## Records provided
++++++++++++++++++++

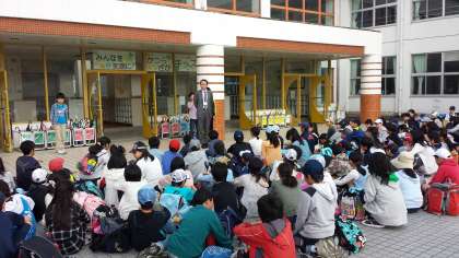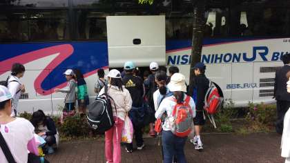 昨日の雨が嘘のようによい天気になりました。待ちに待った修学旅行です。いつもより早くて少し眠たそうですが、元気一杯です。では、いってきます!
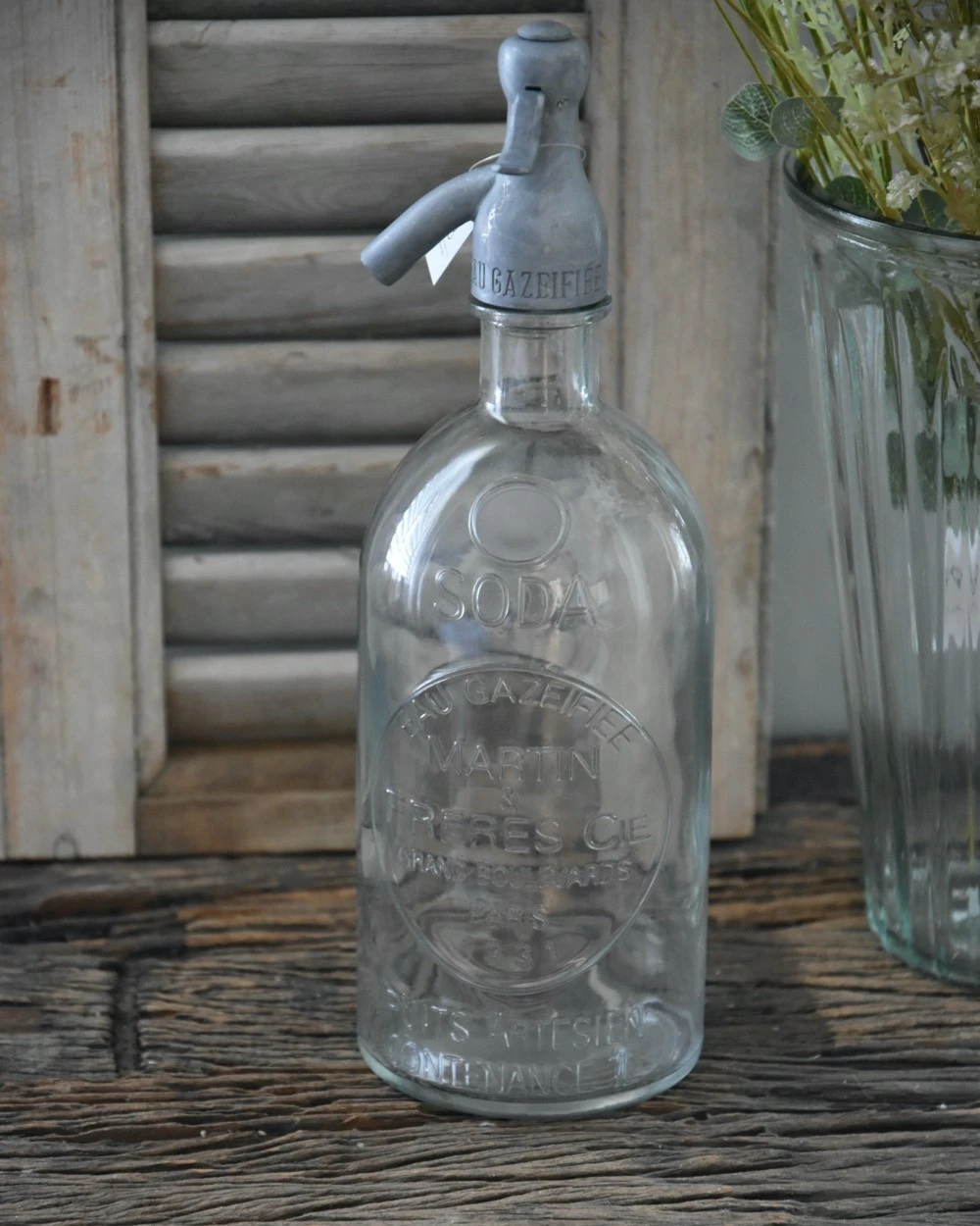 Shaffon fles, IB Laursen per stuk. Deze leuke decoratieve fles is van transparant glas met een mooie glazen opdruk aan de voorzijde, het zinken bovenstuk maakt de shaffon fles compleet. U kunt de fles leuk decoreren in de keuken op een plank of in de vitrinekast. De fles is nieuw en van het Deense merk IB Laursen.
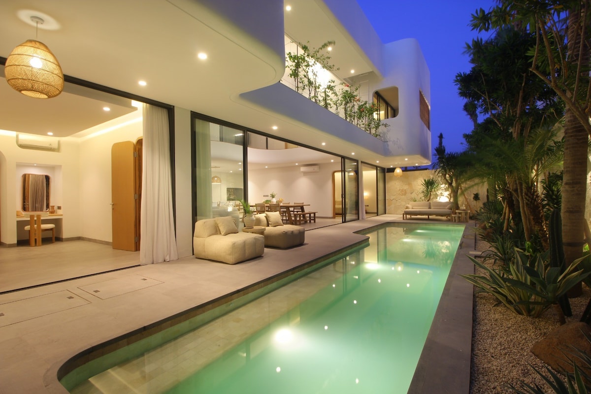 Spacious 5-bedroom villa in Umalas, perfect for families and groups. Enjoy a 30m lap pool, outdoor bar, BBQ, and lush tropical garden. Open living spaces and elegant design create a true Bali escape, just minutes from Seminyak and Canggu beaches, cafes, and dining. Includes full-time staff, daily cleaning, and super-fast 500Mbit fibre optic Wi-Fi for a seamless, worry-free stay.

++++++++++++++++++++

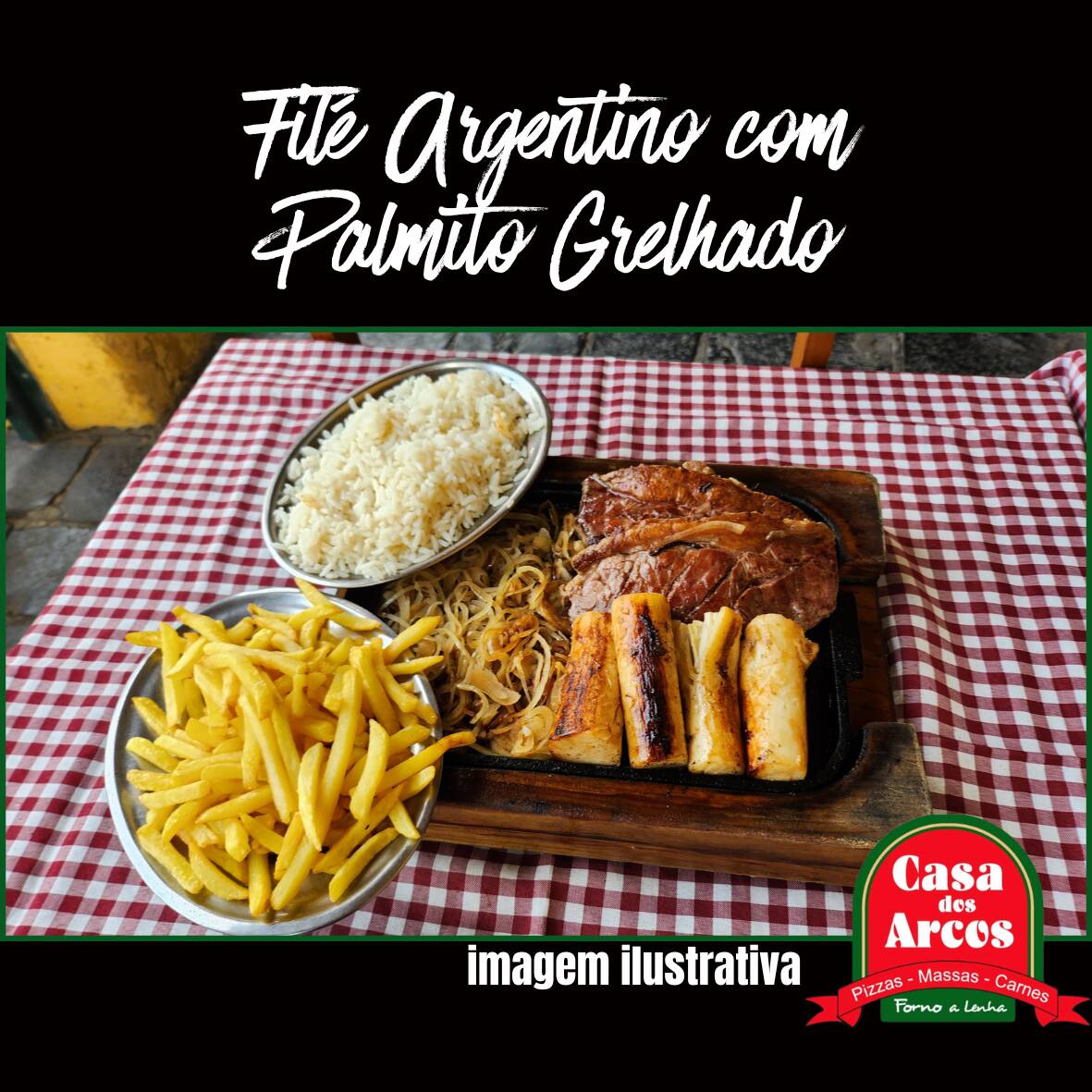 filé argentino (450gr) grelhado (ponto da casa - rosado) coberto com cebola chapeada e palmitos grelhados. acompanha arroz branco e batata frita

++++++++++++++++++++

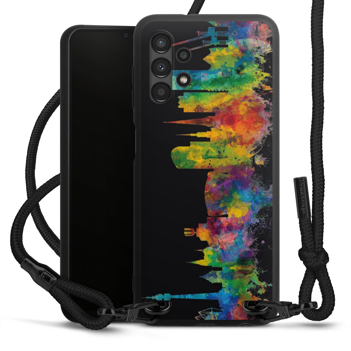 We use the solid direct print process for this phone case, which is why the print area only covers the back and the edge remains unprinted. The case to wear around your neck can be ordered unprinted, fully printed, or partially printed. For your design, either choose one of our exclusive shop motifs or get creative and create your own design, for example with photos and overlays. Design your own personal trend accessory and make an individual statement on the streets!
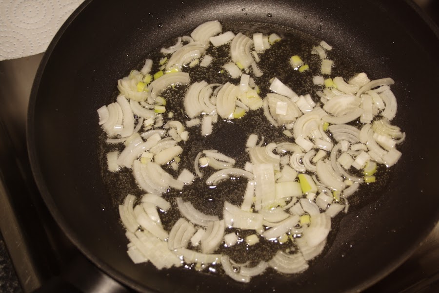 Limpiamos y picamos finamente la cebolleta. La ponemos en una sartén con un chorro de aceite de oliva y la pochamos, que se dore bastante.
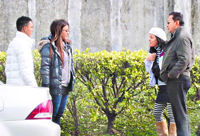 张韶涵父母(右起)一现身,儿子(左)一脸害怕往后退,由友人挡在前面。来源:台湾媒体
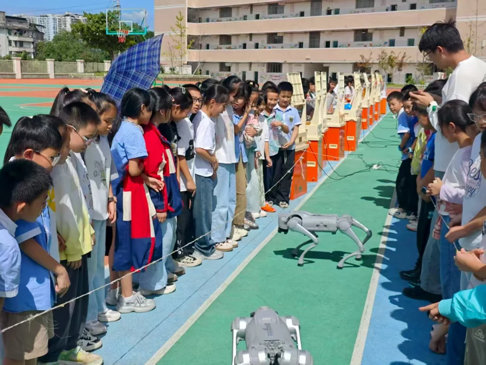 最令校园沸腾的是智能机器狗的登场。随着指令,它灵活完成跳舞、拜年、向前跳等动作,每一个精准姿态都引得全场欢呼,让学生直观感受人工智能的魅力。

++++++++++++++++++++

## Work request
Look through the material above. Transcribe exactly the lines between the ones with "昨日の雨が嘘のようによい天気" and "Spacious 5-bedroom villa", inclusive, and keep pictures out.

## Completed task
 昨日の雨が嘘のようによい天気になりました。待ちに待った修学旅行です。いつもより早くて少し眠たそうですが、元気一杯です。では、いってきます!
 Shaffon fles, IB Laursen per stuk. Deze leuke decoratieve fles is van transparant glas met een mooie glazen opdruk aan de voorzijde, het zinken bovenstuk maakt de shaffon fles compleet. U kunt de fles leuk decoreren in de keuken op een plank of in de vitrinekast. De fles is nieuw en van het Deense merk IB Laursen.
 Spacious 5-bedroom villa in Umalas, perfect for families and groups. Enjoy a 30m lap pool, outdoor bar, BBQ, and lush tropical garden. Open living spaces and elegant design create a true Bali escape, just minutes from Seminyak and Canggu beaches, cafes, and dining. Includes full-time staff, daily cleaning, and super-fast 500Mbit fibre optic Wi-Fi for a seamless, worry-free stay.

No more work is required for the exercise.